Hazardous Substance Information

 
Hazardous Chemicals
 
Lenco provides specimen collection containers that may contain the following hazardous chemicals:
  • Acetic acid (30%) solution
  • Boric acid tablet
  • Citrate buffered acetone solution
  • Ethyl alcohol (ethanol) solution
  • Ethyl alcohol and polyethylene glycol solution
  • Formalin (formaldehyde) – 10% neutral buffered formalin solution
  • Hydrochloric acid solution
  • Isopropyl alcohol solution
  • Methyl alcohol (methanol) solution
  • Perchloric acid (8%) solution
Lenco will provide Material Safety Data Sheets (MSDS) upon initial delivery of a product containing these substances. If additional copies of these MSDS are needed, please contact your local branch/port manager.
 
Some substances present in diagnostic products that Lenco distributes contain hazardous components that require Material Safety Data Sheets (MSDS). MSDS are available for the following products and their ingredients; contact your Lenco representative for more information.
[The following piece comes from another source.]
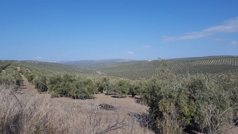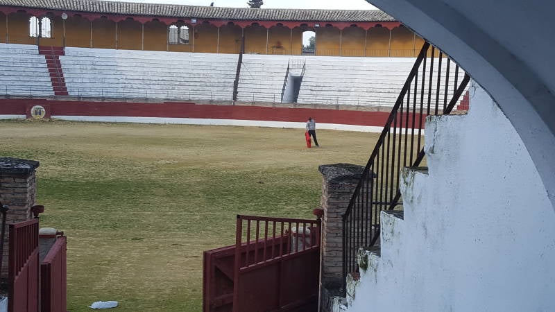 Zaterdag ochtend dachten we dat het niet mogelijk was om de honden goed uit te laten maar bleek dat we uitstekend met ze tussen de olijfbomen velden konden lopen voor 1,5 uur. In middag zijn we het plaatsje wezen bekijken. Het is een mooi oud plaatsje en staat op de Unesco lijst van Wereld erfgoed. Er zijn busladingen met Spaanse toeristen. Wijntje/pilsje met een gratis tapas in een leuk bruin café genuttigd voor het wereld bedrag van € 3,60. Aan het einde van de middag nog even naar gratis museum van stadion voor ons geweest en kregen begeleiding en uitleg van een vriendelijke dame die ons van alles versteld in Sp-Engels. Ook was de Matador aan het oefenen. In mei is het eerste gevecht weer.

ALA-PBG 24-Hour Collection Container Chlamydia Culture Transport Citrated Buffered Acetone Clinical Trials Specimen Transport Kit Cytex® Spray Fixative Cytology Kit Preservative Fluid, 100 mL Cytology Special Studies Kit Cytyc® ThinPrep® Vials Histology Special Studies Kit Kidney Stone Kits With Hydrochloric Acid Leukemia/Lymphoma Bone Marrow Transport Kit Ova & Parasites Kits Pap Smear Bottle With Cyto Fixative Para Pak Zn-PVA Fixative Perchloric Acid, 8% Sputum Container With Preservative, 4 oz Trasylol® Collection Kit 3T Urine 24-Hour Collection With Acetic Acid Urine 24-Hour Collection With Boric Acid Tablet Urine 24-Hour Collection With HCl Urine Cytology Bottles
 

Special Transport Requirements

 
Instructions for Transporting Diagnostic Materials and Infectious Substances
 
The US Department of Transportation (DOT) in Title 49 of the Code of Federal Regulations (CFR), The International Civil Aviation Organization (ICAO), and the International Air Transport Association (IATA) regulate the transportation requirements of (Category B Infectious Substances (formerly known as “diagnostic specimens” and “clinical specimens”), Category A Infectious Substances, and Patient Specimens. When the specific instructions for container types, volume requirements, causes for rejection, etc, listed in individual tests and/or profile descriptions are followed, this helps ensure compliance with these regulations.